Wie stark sind die Taliban?
Die Gefahr, dass die Taliban es erneut schaffen, das ganze Land zu übernehmen, ist real. Besonders besorgniserregend ist dabei, dass das nicht nur afghanische, sondern auch pakistanische Taliban sind. Die pakistanischen Taliban sind die brutalsten. Sie sind äusserst kriminell.
Es scheint, dass kaum sind die Nato-Truppen abgezogen, die Situation sofort wieder aus dem Ruder läuft. War es ein Fehler, die Soldaten abzuziehen?
Es war ein Fehler, dass man nicht schon vor 14 Jahren mit den Taliban verhandelt hatte. Damals waren sie noch schwach.
Sie raten zu Verhandlungen mit Terroristen?

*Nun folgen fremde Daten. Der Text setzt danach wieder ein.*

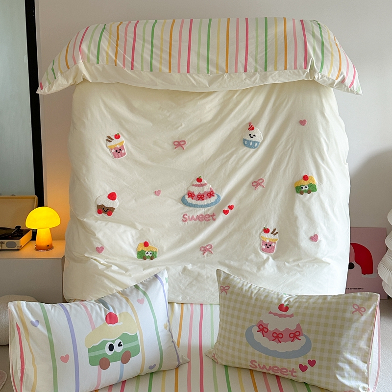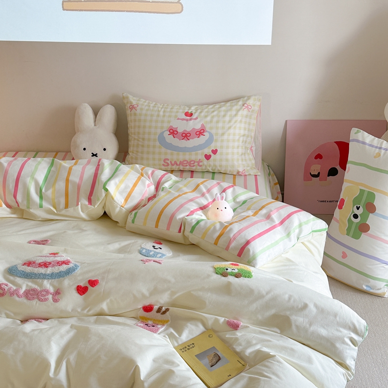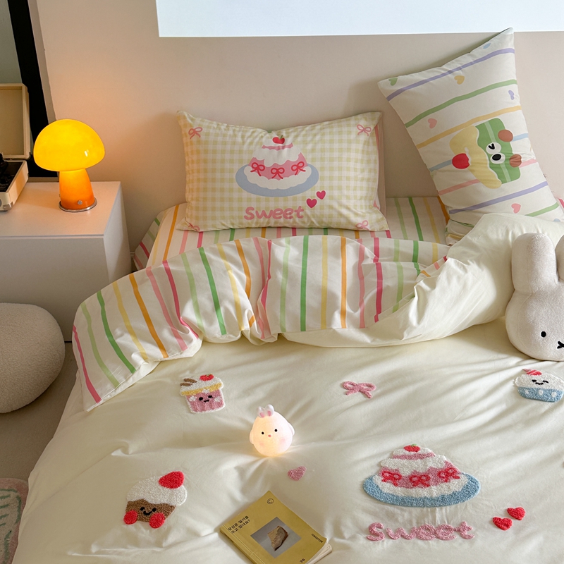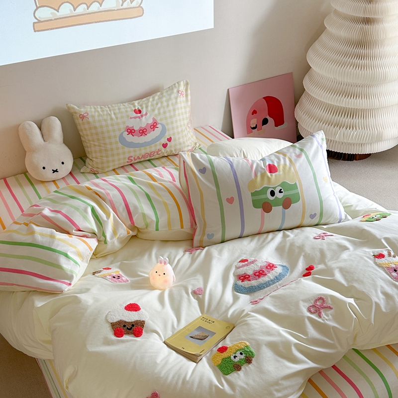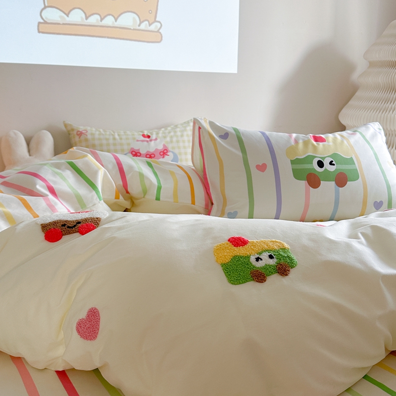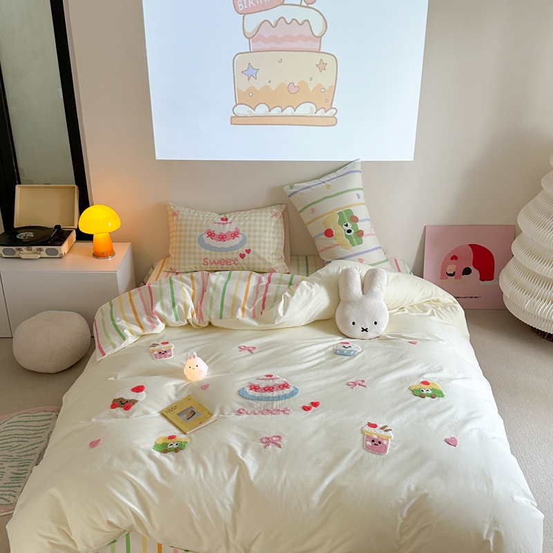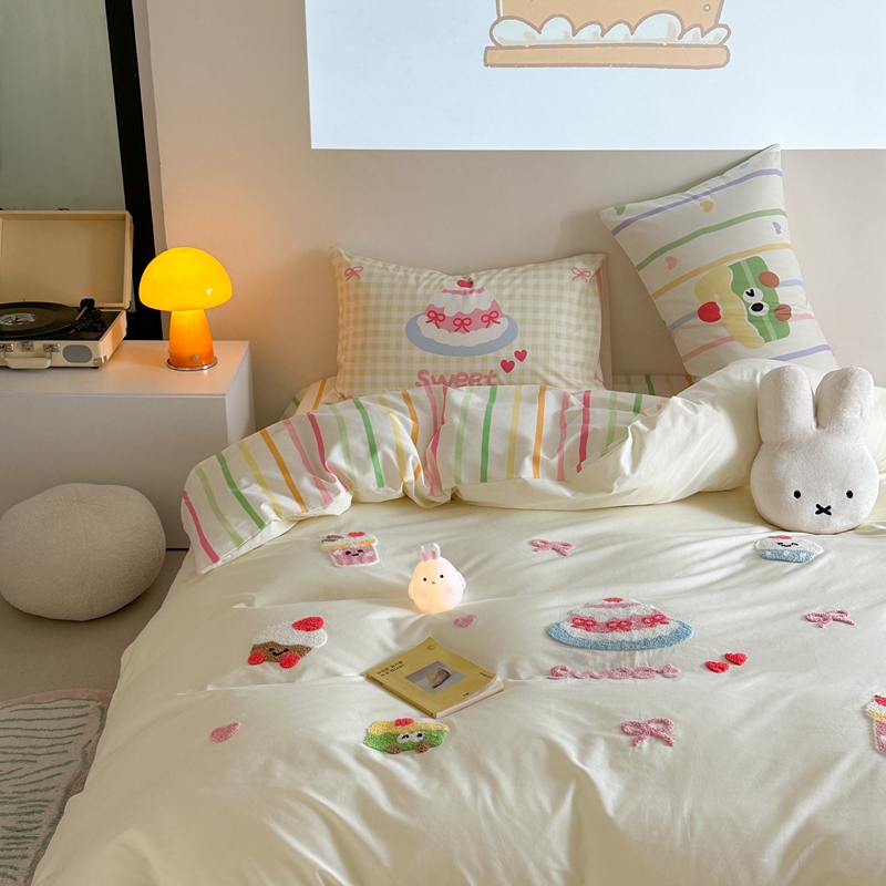 (总)柚子YOUTH 2025新款全棉双层纱贴布绣四件套,棒球熊猫,贝雷帽,冰淇淋小熊,格子玩偶,碎花小兔,小黑猫

Afghanistan wird politisch und demokratisch nie so funktionieren wie Deutschland oder die Schweiz, auch wenn wir uns das wünschen würden. Solange nicht eine Regierung gebildet wird, in der die Taliban vertreten sind, wird es immer Bürgerkrieg geben. Das haben die letzten 14 Jahre deutlich gezeigt. Die afghanische Regierung steht im Kontakt zu den Taliban, allerdings unterstützt der Westen das nicht wirklich. Militärisch haben wir im Land nichts mehr verloren, wir müssen die Finger davon lassen.
US-Soldaten oder die Bundeswehr sind in Afghanistan, um die Landesarmee strategisch zu beraten. Das scheint doch nötig – haben die jüngsten Ereignisse nicht gezeigt, wie schwach das Militär ist?
Der Hauptgrund, warum die USA und die Verbündeten noch in Afghanistan sind, ist nicht das Training der afghanischen Soldaten. Amerika baut riesige Luftwaffenstützpunkte in Bagram, Dschalalabad und Kandahar. Von dort können sie jederzeit im gesamten Mittleren Osten zuschlagen. Diesen terrestrischen Flugzeugträger akzeptieren die Taliban nicht. Die Taliban und ihr uralter, oft vor-islamischer Wertekodex gehören nun mal zu Afghanistan. Das versteht der Westen nicht. Die Taliban sind eine nationale Widerstandsbewegung, die leider auch mit terroristischen Mitteln kämpft, aber keine reine Terror-Organisation wie die international ausgerichtete Al-Kaida. Die afghanischen Taliban haben übrigens ihr Programm inzwischen stark geändert. Ich habe mit einem 31-jährigen Talibanführer gesprochen, der schickt seine Töchter längst zur Schule.
Das klingt, als würden sie die Taliban verharmlosen.
Keineswegs. Ich bin kein Freund der Taliban. Ich bin ein Freund des afghanischen Volkes. Aber die Taliban sind ein wichtiger Teil Afghanistans und Verhandlungen sind möglich. Ausländische Truppen helfen nicht weiter. Wenn man es in 14 Jahren nicht geschafft hat, mit Bomben den Krieg zu beenden, dann schafft man es auch in weiteren 5, 10 oder 20 Jahren nicht. Für die Kinder, die im Krieg ums Leben kommen, spielt es keine Rolle, ob sie von Taliban oder von US-Bomben getötet werden. Die grosse Niederlage der Nato in Afghanistan belegt übrigens , dass es auch in Syrien und im Irak nicht möglich sein wird, den IS mit Bomben zu schlagen. Das ist, als würde man mit Panzern und Raketen auf Fuchsjagd gehen.
Verschiedenste politische, weltanschauliche und militärische Interessen prallen aufeinander – bleibt ein friedliches Afghanistan eine Illusion?
Ja, solange die Verhandlungsführer der Taliban in den USA auf Terror-Suchlisten auftauchen und solange keine Amnestie erlassen wird. Wenn man Frieden schliessen will, muss man immer Kröten schlucken. Und ernsthaft verhandeln.